Start of Materials provided
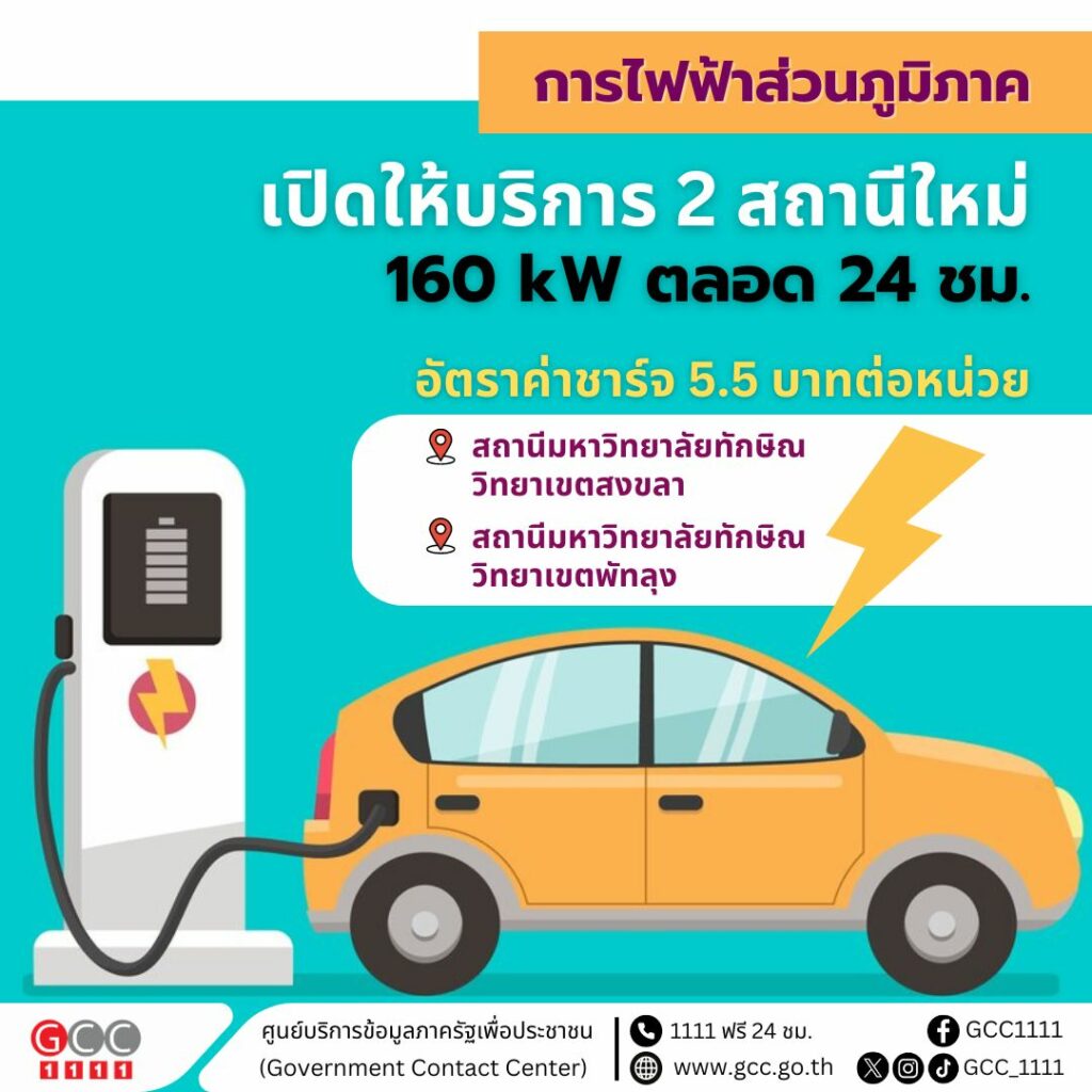 การไฟฟ้าส่วนภูมิภาค แนะนำ PEA VOLTA เปิดให้บริการ 2 สถานีใหม่ (สถานีร่วมเครือข่าย) ดังนี้ สถานีมหาวิทยาลัยทักษิณวิทยาเขตสงขลา สถานีมหาวิทยาลัยทักษิณวิทยาเขตพัทลุง โดยพร้อมให้บริการ 160 kW พร้อมกับอัตราค่าชาร์จโดนใจ 5.5 บาทต่อหน่วย เปิดให้บริการตลอด 24 ชม. ทั้งนี้ หากเป็นผู้ประกอบการที่ต้องการร่วมเป็นเครือข่าย VOLTA CONNEXT โปรโมชันพิเศษ ค่าแรกเข้า/ค่ารายเดือน 1 บาท เท่านั้นสามารถอ่านรายละเอียดเพิ่มเติม https://peavoltaev.pea.co.th/product-network-operation/    หรือติดต่อผ่านอีเมล์ : info.pea.ev@pea.co.th หรือ โทร. 1129กด5
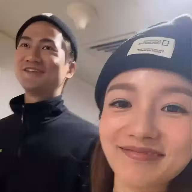 反而都選擇了比較休閒和平常的服裝,穿著比較隨意。不過兩人特意挑選了一對情侶帽子,看上去非常甜蜜。
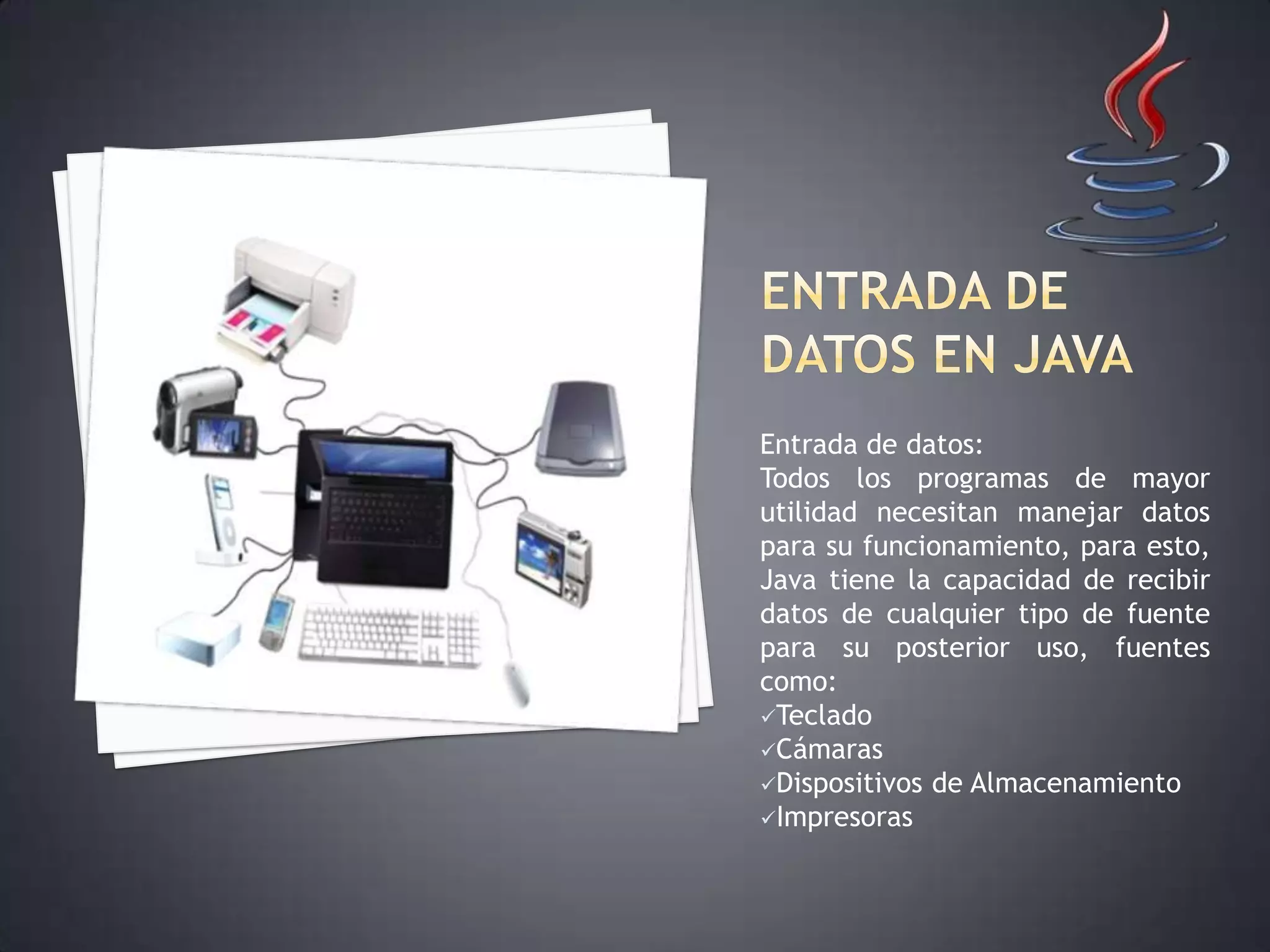 Java puede recibir datos de varias fuentes como el teclado, cámaras y dispositivos de almacenamiento, y mostrar los resultados del procesamiento de datos. Se utilizan clases como InputStream, FileReader y Scanner para la lectura de datos, y OutputStream y JOptionPane para la escritura. Java también permite la creación y manipulación de archivos.
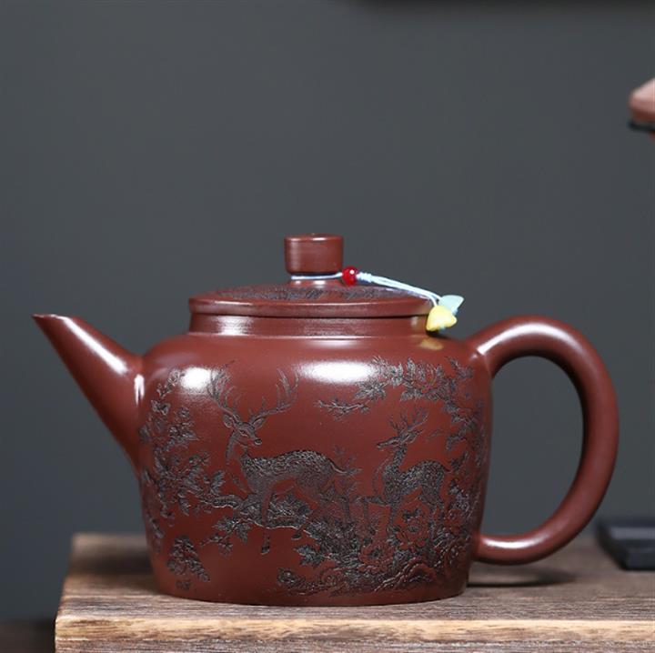 890cc原礦優質紫泥滿刻雙鹿迎瑞壺POT8155
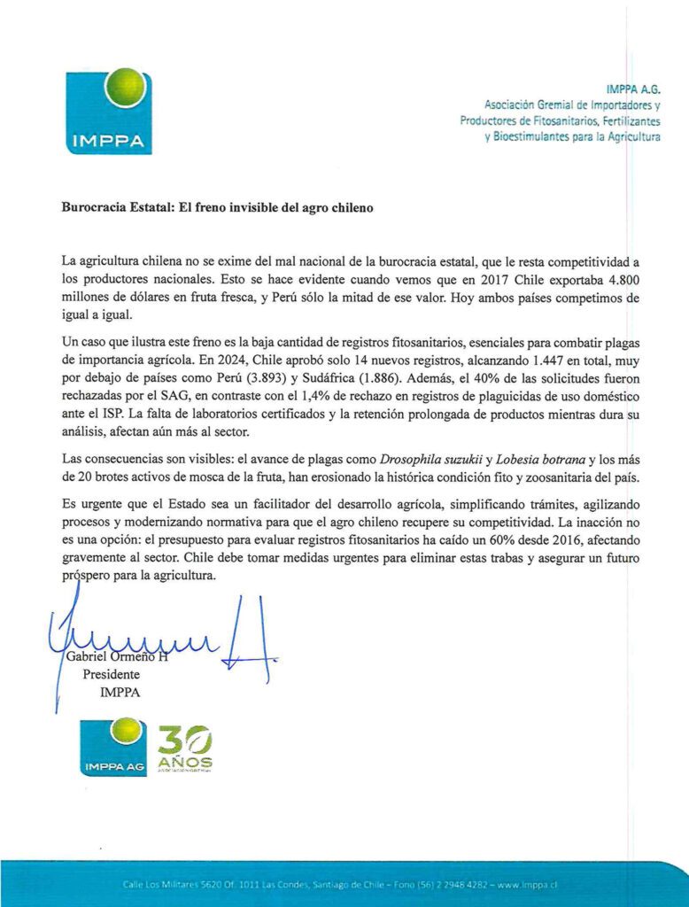 Es urgente que el Estado sea un facilitador del desarrollo agrícola, simplificando trámites, agilizando procesos y modernizando normativa para que el agro chileno recupere su competitividad. La inacción no es una opción: el presupuesto para evaluar registros fitosanitarios ha caído un 60% desde 2016, afectando gravemente al sector. Chile debe tomar medidas urgentes para eliminar estas trabas y asegurar un futuro próspero para la agricultura.
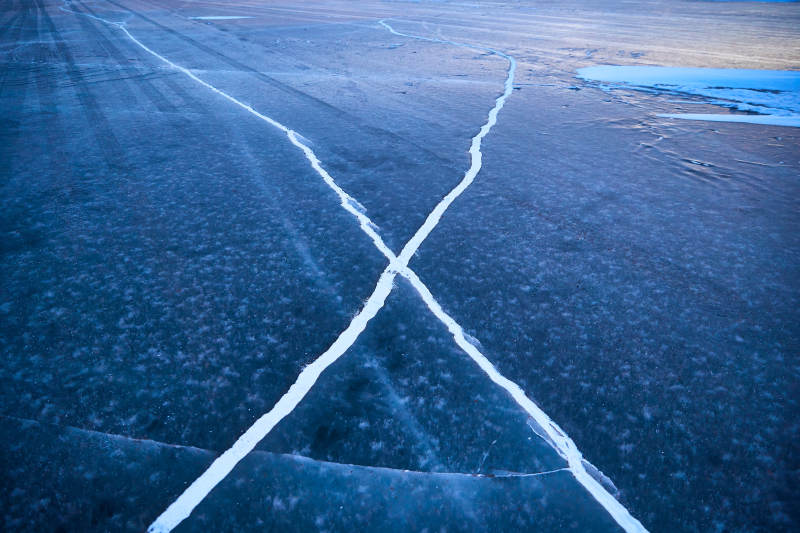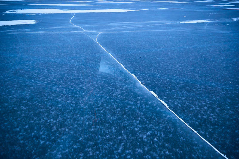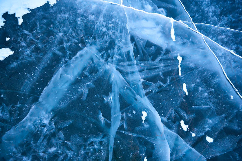 冬天冻结的湖面冰层花纹
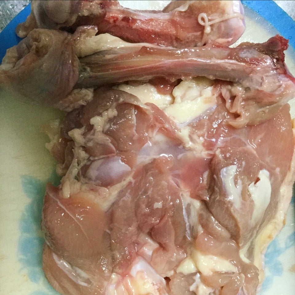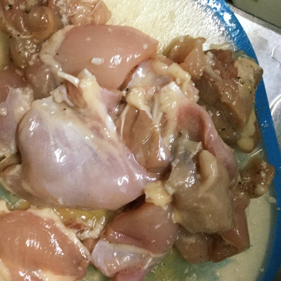 鳥モモを骨とって、水で洗って砂糖で5分着けて
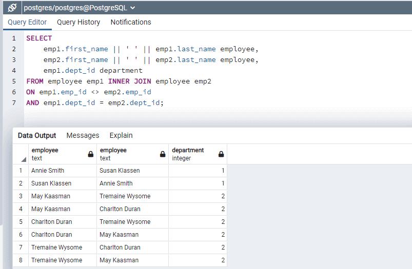 In the above query, we took the INNER JOIN of employee table with itself. We used emp1.emp_id <> emp2.emp_id
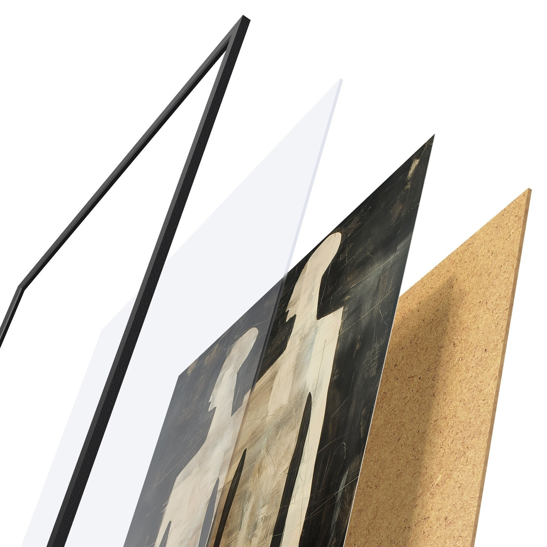 Plagát sa skladá z rámu, plexiskla, vytlačeného obrazu a podkladu z drevotriesky. Plagát možno okamžite zavesiť na stenu vďaka úchytom na zadnej strane.
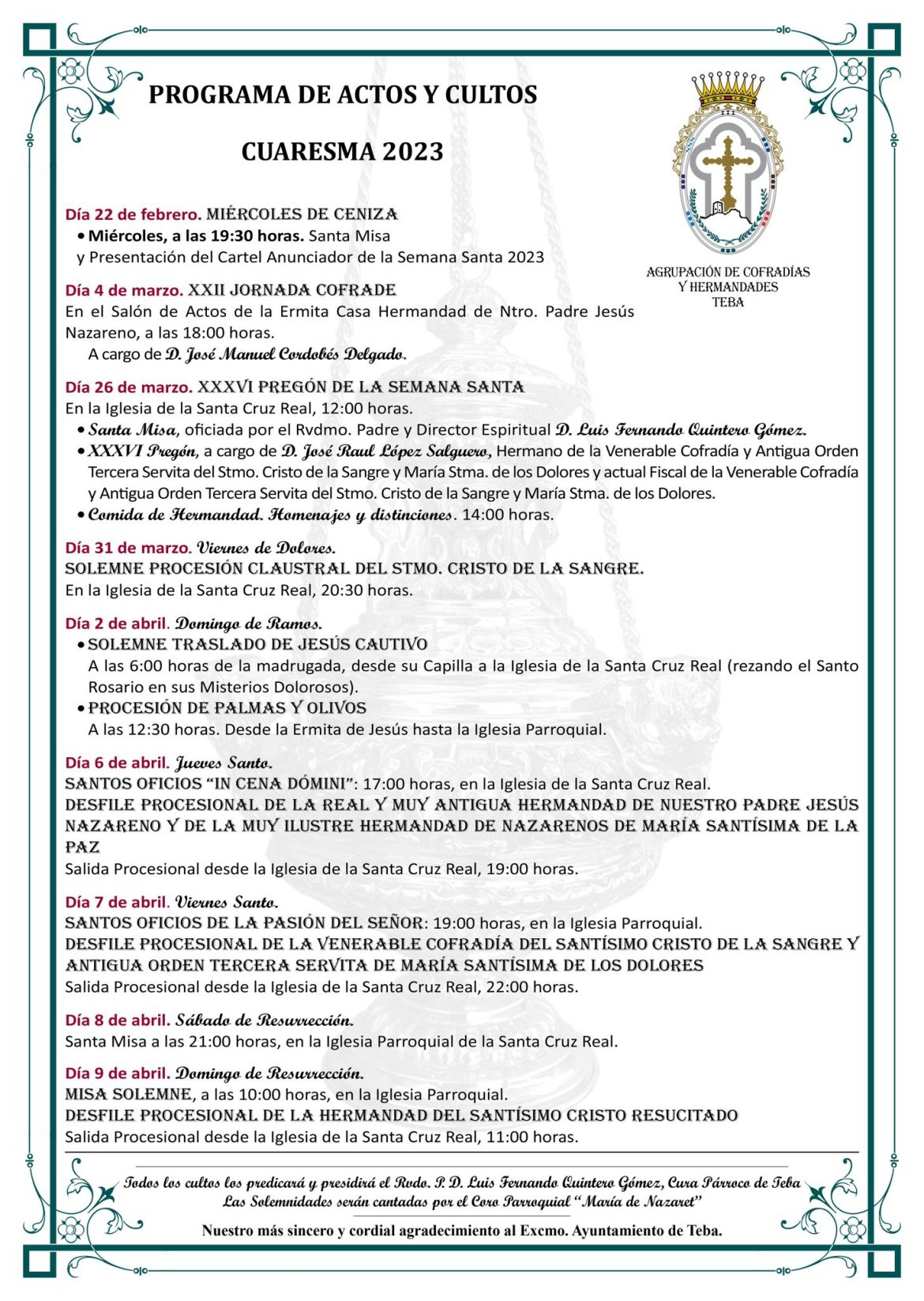 Noticias Programa Cuaresma 2023 por admin febrero 23, 2023 febrero 23, 2023 191 0 comentario Publicación anterior Programa de Actos y Cultos Semana Santa 2023 Siguente publicación Actos y Cultos en honor a Nuestra Sagrada Titular También te puede interesar III CONCURSO DE POSTALES NAVIDEÑAS noviembre 3, 2025 Sorteo de la Feria del Queso 2025 octubre 24, 2025 Curso de Iniciación al Corte del Jamón octubre 16, 2025 Fiestas en Honor a Nuestra Señora del Rosario.... septiembre 23, 2025 Día de la Hermandad 2025 agosto 26, 2025 PREGON FERIA 2025 julio 31, 2025 YA HUELE A FERIA julio 30, 2025 Lotería de Navidad julio 30, 2025 Presentación Cartel Romería 2025 mayo 12, 2025 Semana Santa 2025 abril 27, 2025 Deja un comentario Cancelar respuestaLo siento, debes estar conectado para publicar un comentario.
End of Materials provided
Required action: The answer is the lines above from the one with "冬天冻结的湖面冰层花纹" to the one with "Plagát sa skladá", set down exactly, with no pictures.

Response to this task:
 冬天冻结的湖面冰层花纹
 鳥モモを骨とって、水で洗って砂糖で5分着けて
 In the above query, we took the INNER JOIN of employee table with itself. We used emp1.emp_id <> emp2.emp_id
 Plagát sa skladá z rámu, plexiskla, vytlačeného obrazu a podkladu z drevotriesky. Plagát možno okamžite zavesiť na stenu vďaka úchytom na zadnej strane.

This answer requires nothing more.